Assim como outras seleções africanas, os marfineses têm como característica principal a força física, além disso tem em seu elenco muitos jogadores, além do já citado Drogba, que atuam no futebol europeu. São eles: Kolo Touré e Emmanuel Eboué (Arsenal), Didier Zokora (Tottenham), Salomon Kalou (Chelsea), Bonaventure Kalou (Heerenveen), Aruna Dindane (Lens), Kanga Akalé (Olympique de Marseilha) e ainda Yaya Touré (Barcelona).
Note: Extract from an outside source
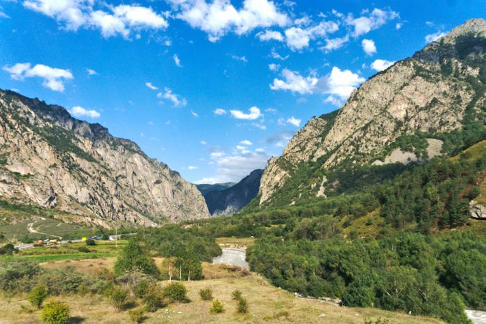 Дорога по ущелью безумно красива. За каждым поворотом горы становятся выше.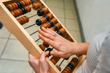 Vintage abacus close-up on a gray background. A womans hand. The concept of modern technologies in accounting.

Na segunda participação em Copas do Mundo (foi classificada para a Alemanha, em 2006) a equipe tenta melhorar o desempenho e passar pela primeira fase. Para isso, enfrentará Brasil, Coreia do Norte e Portugal. A partida inédita contra a seleção brasileira acontecerá em Joanesburgo, no dia 20 de junho.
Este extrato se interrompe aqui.